→ **DESCRIPTION OF THE TASK**
Without any images, write the listing below out word for word.

→ **GIVEN DATA**
[Start of section]

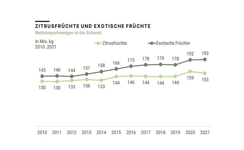 2021 wurden rund ein Drittel mehr exotische Früchte importiert als 2010. Zitrusfrüchte verzeichneten einen Anstieg von rund 18 %. Die mit Abstand bedeutendsten Produktgruppen waren Bananen und Orangen. Wachstumstreiber waren Avocados bei Exoten und Zitronen/Limetten bei Zitrusfrüchten. Die Früchte werden im Winter zur Konkurrenz für einheimische Äpfel.
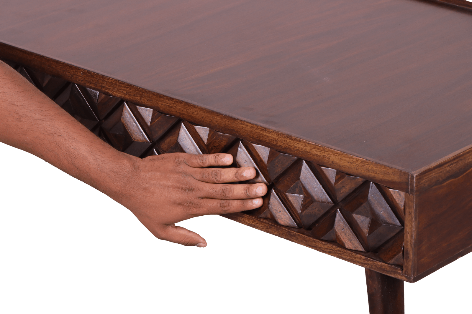 Design: Mid-century modern style with tapered legs and a geometric 3D carved front panel for visual interest
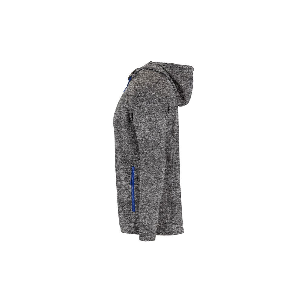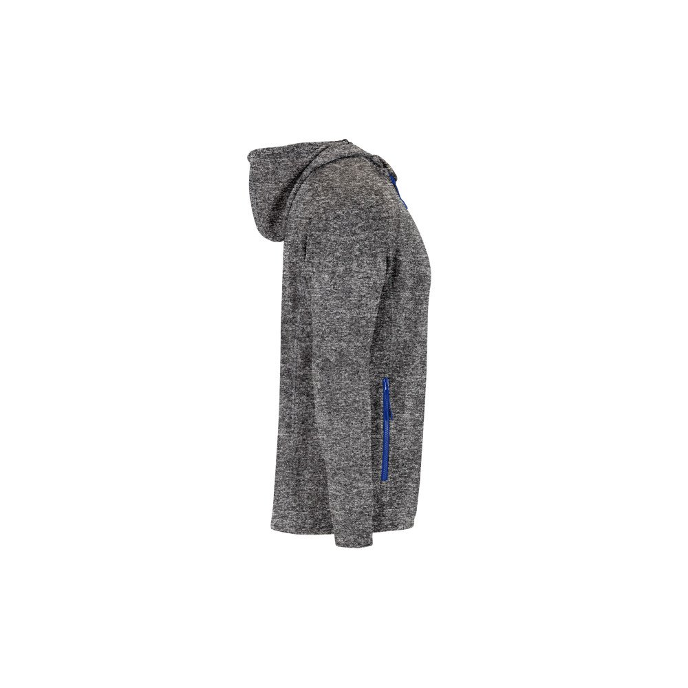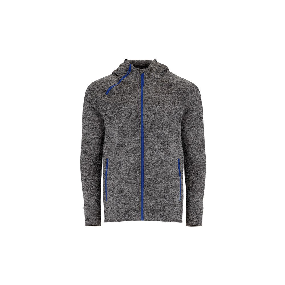 Plush knitted sweat jacket with hood.1. Injected zips with design pullers.2. Central zip with chin protector.3. High neck with design adjusters and covered seams.4. Second decorative zip on neck for easy opening.5. Two front pockets with zip.6. Back side longer than the front with design adjusters.

[End of section]

→ **WRITTEN RESPONSE**
 2021 wurden rund ein Drittel mehr exotische Früchte importiert als 2010. Zitrusfrüchte verzeichneten einen Anstieg von rund 18 %. Die mit Abstand bedeutendsten Produktgruppen waren Bananen und Orangen. Wachstumstreiber waren Avocados bei Exoten und Zitronen/Limetten bei Zitrusfrüchten. Die Früchte werden im Winter zur Konkurrenz für einheimische Äpfel.
 Design: Mid-century modern style with tapered legs and a geometric 3D carved front panel for visual interest
 Plush knitted sweat jacket with hood.1. Injected zips with design pullers.2. Central zip with chin protector.3. High neck with design adjusters and covered seams.4. Second decorative zip on neck for easy opening.5. Two front pockets with zip.6. Back side longer than the front with design adjusters.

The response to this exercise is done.